___ Extracted information ___
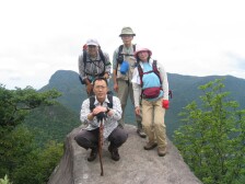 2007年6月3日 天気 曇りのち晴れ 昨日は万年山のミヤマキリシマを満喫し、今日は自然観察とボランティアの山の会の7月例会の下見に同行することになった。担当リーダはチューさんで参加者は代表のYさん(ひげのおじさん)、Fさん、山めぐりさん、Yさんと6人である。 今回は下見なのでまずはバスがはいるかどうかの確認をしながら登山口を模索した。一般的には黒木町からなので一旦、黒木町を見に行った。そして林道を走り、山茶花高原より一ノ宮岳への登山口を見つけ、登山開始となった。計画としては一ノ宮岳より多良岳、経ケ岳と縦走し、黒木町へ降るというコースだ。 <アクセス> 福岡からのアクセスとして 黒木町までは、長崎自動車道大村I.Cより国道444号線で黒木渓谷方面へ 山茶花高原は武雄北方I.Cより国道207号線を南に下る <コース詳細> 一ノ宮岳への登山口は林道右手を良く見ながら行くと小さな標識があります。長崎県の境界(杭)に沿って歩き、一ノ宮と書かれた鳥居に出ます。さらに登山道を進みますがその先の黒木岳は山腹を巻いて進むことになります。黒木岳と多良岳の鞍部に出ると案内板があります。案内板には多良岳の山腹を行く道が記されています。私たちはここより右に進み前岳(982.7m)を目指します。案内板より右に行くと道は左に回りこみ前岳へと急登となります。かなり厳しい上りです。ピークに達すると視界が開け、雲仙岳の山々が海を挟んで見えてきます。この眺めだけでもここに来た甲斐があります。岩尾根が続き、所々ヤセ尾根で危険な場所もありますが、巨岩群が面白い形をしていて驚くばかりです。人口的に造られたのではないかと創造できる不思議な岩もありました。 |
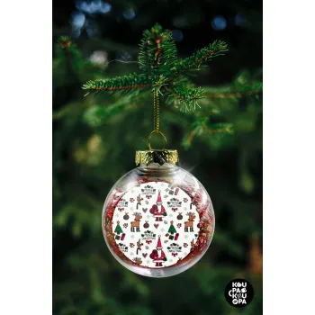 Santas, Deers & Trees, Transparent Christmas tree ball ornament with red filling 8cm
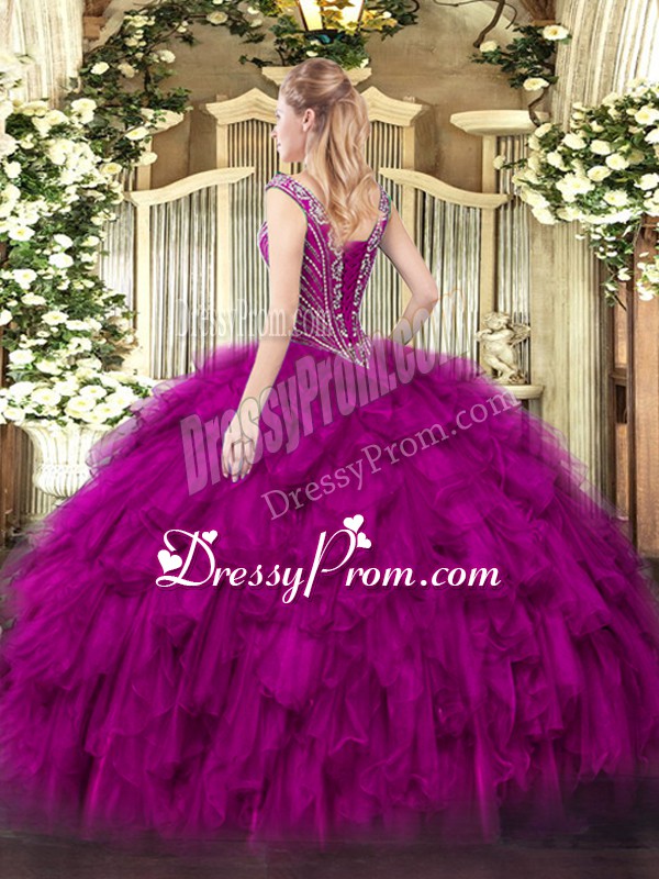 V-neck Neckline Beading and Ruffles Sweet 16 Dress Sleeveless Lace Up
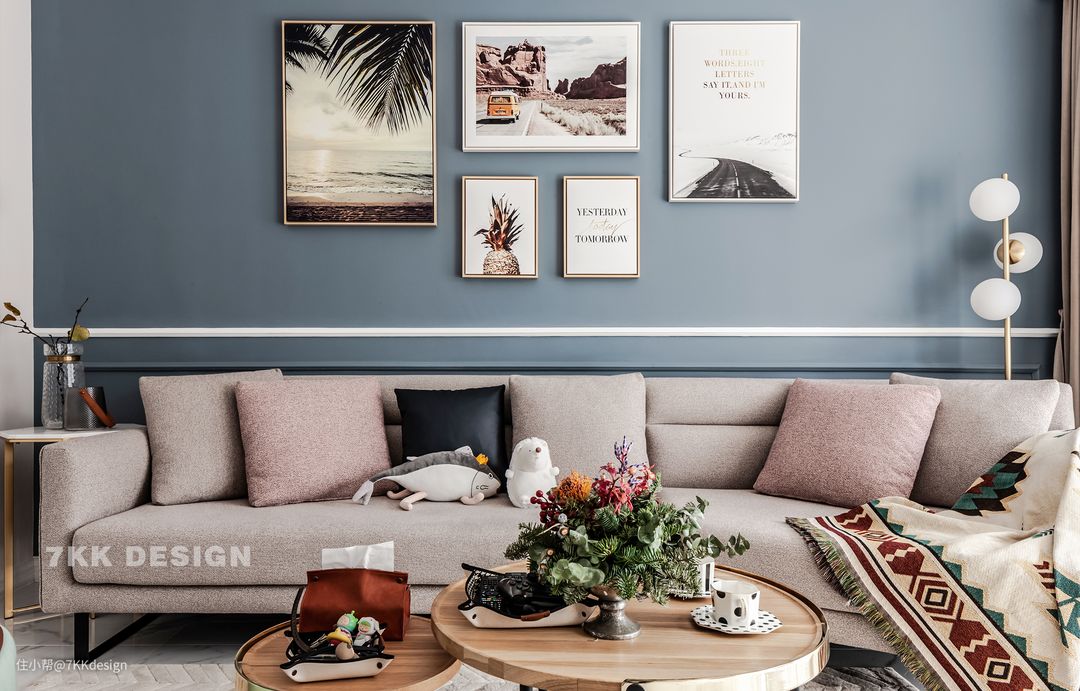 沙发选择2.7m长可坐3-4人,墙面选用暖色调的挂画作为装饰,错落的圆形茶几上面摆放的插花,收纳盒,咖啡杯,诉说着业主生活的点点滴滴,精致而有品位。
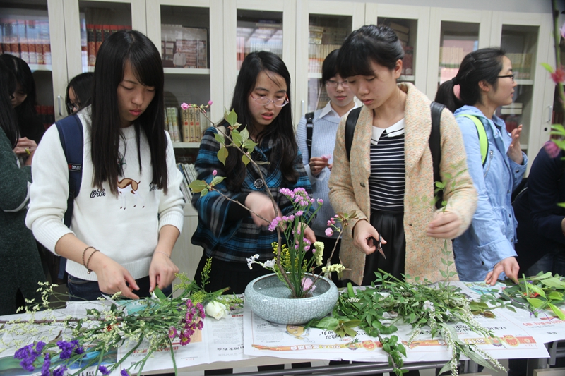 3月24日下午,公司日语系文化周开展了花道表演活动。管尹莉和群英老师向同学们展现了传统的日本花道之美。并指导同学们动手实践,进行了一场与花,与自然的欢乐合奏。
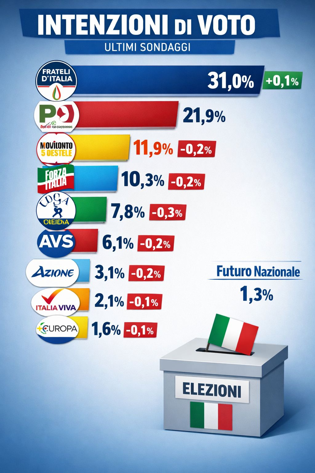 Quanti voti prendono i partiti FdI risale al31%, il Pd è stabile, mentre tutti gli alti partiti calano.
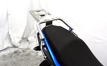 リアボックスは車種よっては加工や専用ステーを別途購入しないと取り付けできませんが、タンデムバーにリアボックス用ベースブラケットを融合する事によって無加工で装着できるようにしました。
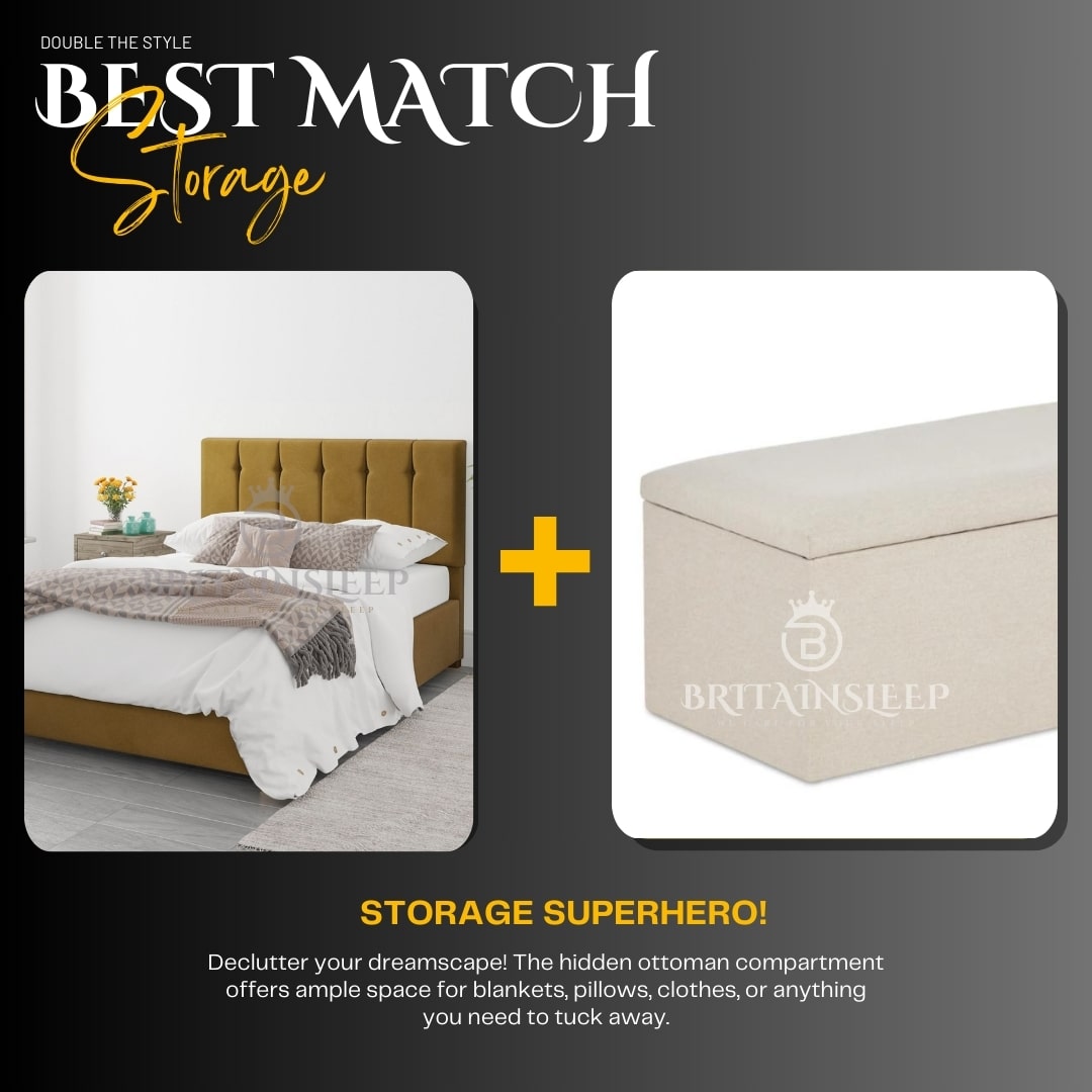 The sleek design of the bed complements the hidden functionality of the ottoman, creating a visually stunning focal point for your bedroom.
___
_Assignment_
The response must repeat exactly the lines above from the one with "Quanti voti prendono" through the one with "リアボックスは車種よっては加", including both, and must contain no pictures and no other text.

_Solution_
 Quanti voti prendono i partiti FdI risale al31%, il Pd è stabile, mentre tutti gli alti partiti calano.
 リアボックスは車種よっては加工や専用ステーを別途購入しないと取り付けできませんが、タンデムバーにリアボックス用ベースブラケットを融合する事によって無加工で装着できるようにしました。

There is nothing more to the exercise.